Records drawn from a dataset
|---|

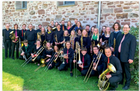
Freuen sich auf das Konzert in Dörverden.
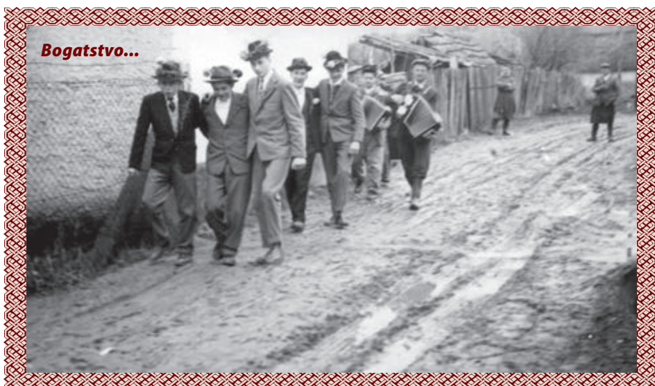
„Branje rozmarina“ u Gornjem Četaru 1957. ljeta u Ulici Attila Józsefa
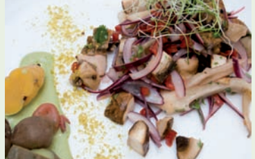
47 KENSHO RESTAURANTE cocina orgánica organic food 1/2 día: ma:do:12 a 16hs noche: masa: 20 a 0° am 47 78 06 55 El Salvador 5783 B3
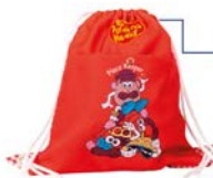
Mochila Ref. 130011

-Color: 0073H -70% Poliéster. -30% Algodón. -Mochila de tela con bolsillo exterior y cuerdas para colgar.
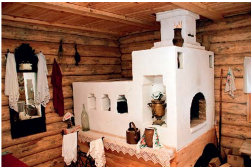
^ Русская печь

Менялись эпохи, менялись стилевые предпочтения, менялись и конструкции каминов. В XVIII веке американский изобретатель граф Румфорд изобрел камин с высокой и узкой камерой, обеспечивающей лучшую отдачу тепла. Обтекаемая форма горловины камина позволила холодному воздуху направлять в дымоход продукты сгорания. Это дало возможность встраивать камин внутрь стен, а не пристраивать к ним [13]. (Такие камины внутри стены проектировали впоследствии Фрэнк Ллойд Райт и Людвиг Мис ван дер Роэ.)
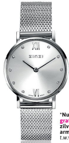
ZIW 628M watch 28mm 'Lady Silver' 109.-*
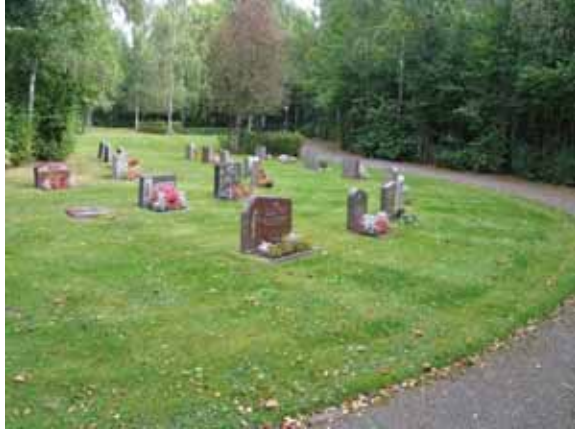
Södra delen av kyrkogården. I förgrunden kvarter 4. (KI Örsjö kyrkog 008)
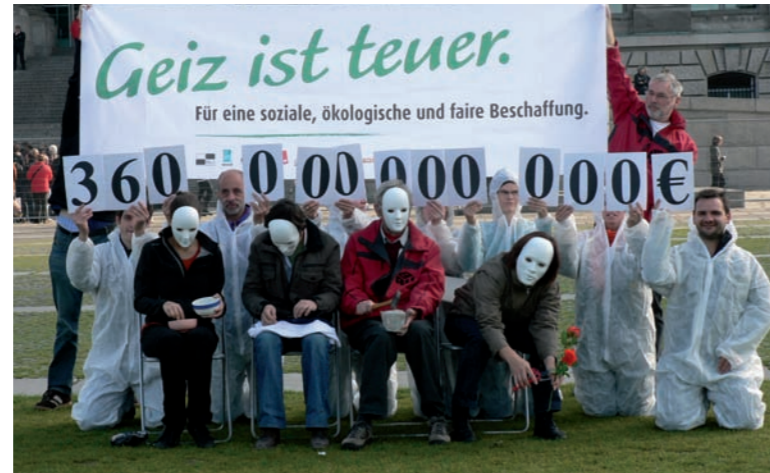
Bild unten: AktivistInnen des CorA-Netzwerks protestieren vorm Bundestag für Arbeitsrechte und Umweltstandards per Gesetz.

„Wir fordern, dass Bund, Länder und Gemeinden ökologische und soziale Ziele auch über ihre Beschaffungspolitik fördern – mit entsprechenden Vorgaben für die Vergabe von öffentlichen Aufträgen.“
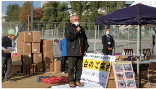
開会式(理事長挨拶)

グラウンドゴルフ同好会『グラウンドゴルフ大会』11月14日(土)@門真市立旧第六中学校運動広場にて
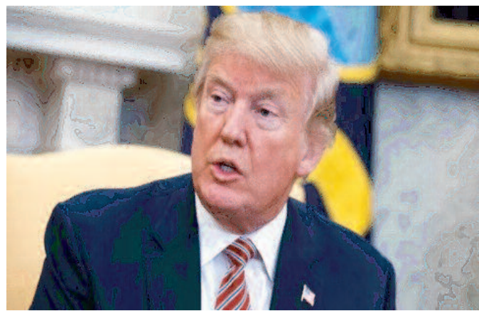
खिलाफ चलाए जा रहे इस मुकदमे को अपमानजनक और धांधलीपूर्ण बताया। उन पर साल 2016 में व्हाइट हाउस में आने से पहले पूर्व पॉन स्टार स्टॉर्मी डेनियल्स के साथ अपने यौन संबंधों को छिपाने के लिए व्यापारिक रिकॉर्ड में हेराफेरी करने का आरोप है। इस मामले में 34 आरोप, 11 चालान, 12 वाउचर

में चीन ने लंबे समय से अपनी राजनीतिक प्रणाली को अमेरिकी लोकतंत्र से बेहतर के रूप में पेश करने की कोशिश की है। अब ट्रंप की सजा ने इसे कहीं न कहीं साबित कर दिया है। दरअसल, कई महीनों से चीनी प्रचारक ट्रंप की कानूनी चुनौतियों को लेकर सवाल खड़े कर रहे हैं। मामले को एक खास मुद्दा बनाकर वह अमेरिका के खिलाफ बीजिंग की चाल को मजबूत करने की कोशिश कर रहे हैं। इतना ही नहीं, बल्कि लंबी कानूनी लड़ाई को अमेरिकी राजनीति में ध्वविकरण का सबूत बता रहे हैं।
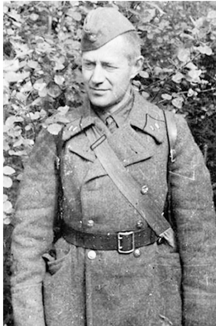
Алексей Сурков. Западный фронт, 1941 год.

Усердие ваше не по разуму. Слова ваши жалкие, лживые, мертвые. Есть у русского народа такая поговорка: «Целовал ястреб курочку до последнего перышка». Может быть, где-нибудь и попадались фашистским ястребам доверчивые

|---|

To complete this exercise, transcribe exactly the lines above from the one that holds "ZIW 628M watch 28mm 'Lady Silver' 109.-*" through the one that holds "Алексей Сурков. Западный фронт, 1941 год.". Pictures stay out.

▶ [Output for this task]
ZIW 628M watch 28mm 'Lady Silver' 109.-*
Södra delen av kyrkogården. I förgrunden kvarter 4. (KI Örsjö kyrkog 008)
Bild unten: AktivistInnen des CorA-Netzwerks protestieren vorm Bundestag für Arbeitsrechte und Umweltstandards per Gesetz.

„Wir fordern, dass Bund, Länder und Gemeinden ökologische und soziale Ziele auch über ihre Beschaffungspolitik fördern – mit entsprechenden Vorgaben für die Vergabe von öffentlichen Aufträgen.“
開会式(理事長挨拶)

グラウンドゴルフ同好会『グラウンドゴルフ大会』11月14日(土)@門真市立旧第六中学校運動広場にて
खिलाफ चलाए जा रहे इस मुकदमे को अपमानजनक और धांधलीपूर्ण बताया। उन पर साल 2016 में व्हाइट हाउस में आने से पहले पूर्व पॉन स्टार स्टॉर्मी डेनियल्स के साथ अपने यौन संबंधों को छिपाने के लिए व्यापारिक रिकॉर्ड में हेराफेरी करने का आरोप है। इस मामले में 34 आरोप, 11 चालान, 12 वाउचर

में चीन ने लंबे समय से अपनी राजनीतिक प्रणाली को अमेरिकी लोकतंत्र से बेहतर के रूप में पेश करने की कोशिश की है। अब ट्रंप की सजा ने इसे कहीं न कहीं साबित कर दिया है। दरअसल, कई महीनों से चीनी प्रचारक ट्रंप की कानूनी चुनौतियों को लेकर सवाल खड़े कर रहे हैं। मामले को एक खास मुद्दा बनाकर वह अमेरिका के खिलाफ बीजिंग की चाल को मजबूत करने की कोशिश कर रहे हैं। इतना ही नहीं, बल्कि लंबी कानूनी लड़ाई को अमेरिकी राजनीति में ध्वविकरण का सबूत बता रहे हैं।
Алексей Сурков. Западный фронт, 1941 год.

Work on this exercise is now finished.